Александр Сидорович - Измерение “Ф”
Человек, слепленный по образу и подобию Божьему, тоже не может знать, что сейчас было: получил он благо или потерял. Для самообмана, однако, человек придумал приятные слова: “Все, что ни делается, — все к лучшему”…
Как это глупо и как это по-человечески!
Ведь как только ему станет чуть лучше, чуть сытнее, чем вчера, человек начинает пугаться собственной тени и приговаривать: “Что-то сегодня слишком хорошая погода… Что-то сегодня мы слишком много смеемся… Ах, постучим по дереву…”
И в глубине души мы презираем тех, кому сегодня хуже, чем нам.
Но человек всегда готов к худшему. Он всегда знает, что оно наступит неизбежно, но в суете своей он старается оттянуть его, отсрочить, не понимая, что время неумолимо, что Зло с неотвратимостью падающего на землю камня сменит нынешнее Добро, а потом обратно, — и это есть Жизнь. Непрерывная цепь событий, которыми управляют люди и которые управляют людьми.
Кто такой “ближний”, а кто такой “дальний”? Никогда до того дня я не задумывался над этим вопросом. Дальними были все. Причиняя другим зло, я ханжески повторял за взрослыми: “И сказал Он: не причини зла ближнему своему…”

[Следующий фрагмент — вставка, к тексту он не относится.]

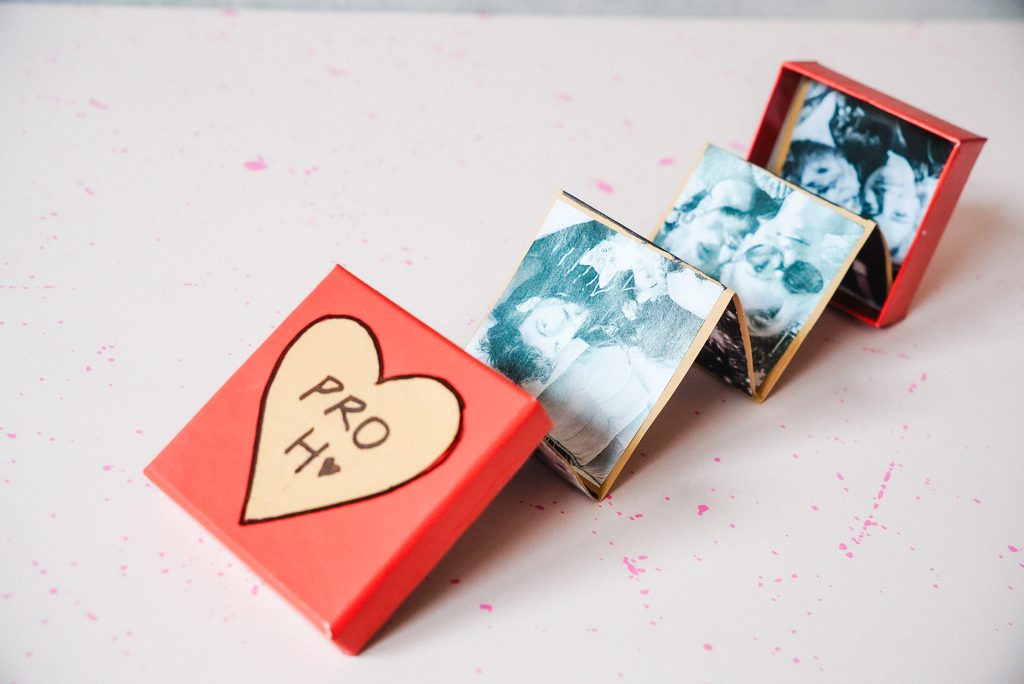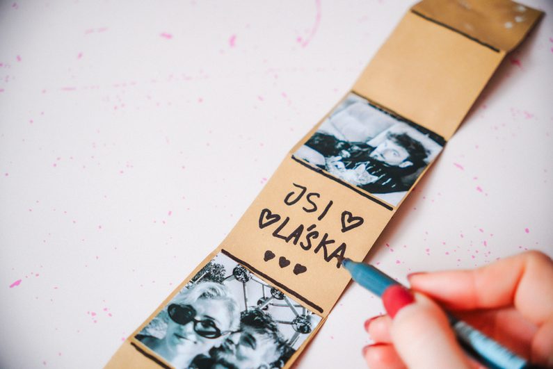 • Harmoniku s fotkami složíme dovnitř a krabičku zavřeme. Následně ji můžeme ještě ozdobit, napsat věnování nebo vzkaz podle sebe.

Мое беспробудное семнадцатилетнее детство! Я стыжусь тебя! Я ненавижу себя в тебе!
Я обыгрывал в шахматы папу, я писал маме длинные письма из детского лагеря, все знали, что я сын мэра, у меня всегда были самые лучшие игрушки, я играл только с “приличными” детьми, я закончил самую лучшую математическую школу и собирался в самый лучший университет…

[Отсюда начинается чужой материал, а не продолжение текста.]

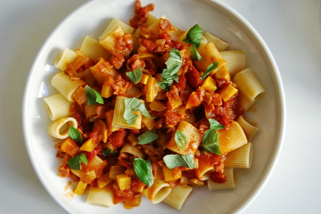 Pasta med tomatsaus og gul squash

И полный снобизма, непрерывно в собственных глазах растущий, но не взрослеющий, моральный урод, я был готов совершить и простить себе любое свинство, лишь бы не потерять лицо в окружении таких же, как я, уродов. Ибо каждый урод знал: лучше быть живой собакой, чем дохлой.
Однако есть взросление постепенное, когда ребенок исподволь набирается ума-разума, житейской премудрости, где главное: “ты — мне, я — тебе”, “моя хата с краю” и прочее, а есть взросление скачком, когда непереносимый стыд перед теми, перед кем уже нельзя извиниться, заставляет отбросить всю житейскую мудрость, и тогда человек уже не заботится о том, чтобы любой ценой соблюсти приличия в глазах соседей. Новая мудрость открывает ему глаза, и он понимает вдруг, что его выдуманный добропорядочный мирок — фикция, все старания жить “как все” — пошлость, вся вообще прежняя жизнь — сплошное дерьмо и стыд.
Я сказал:
— Вы правы. Мне ничего не нужно в этом доме.

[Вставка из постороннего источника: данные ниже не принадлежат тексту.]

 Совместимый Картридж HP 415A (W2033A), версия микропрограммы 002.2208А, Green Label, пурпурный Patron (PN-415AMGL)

Я повернулся и пошел прямо сквозь толпу, раздвигая людей взглядом. Формула отчуждения сказана, пути назад уже нет.
Видит Бог, как мне хотелось назад! Но прежним я стать не мог.
Я знал, что мне будет трудно. Но живое существо (собака) отличается от мертвого (льва) еще и тем, что у него есть способность не только презирать, но надеяться. Есть надежда и цель.
На этом кончается предыстория. Я, как сумел, передал вам мысли, владевшие мной тогда, у начала, и мотивы, побудившие меня вступить на свой Путь, который я завершаю сегодня.
Я не перестаю казнить себя за трусость, которую проявил тогда; на протяжении всех этих лет постоянное чувство вины подстегивало меня, заставляло работать, помогало, когда от трудностей опускались руки… И вот, наконец, Победа! Испытываю ли я радость, гордость, облегчение — все, что должен испытывать человек, закончивший дело своей жизни? Нет, пожалуй. Слишком велика была задача. Она высосала меня до дна, остались лишь привычные русла, по которым скользят привычные мысли… Остался долг. Долг. Вот это слово. Оно отражает то, что я сейчас чувствую: я должен писать. Еще писать. Еще не все объяснено.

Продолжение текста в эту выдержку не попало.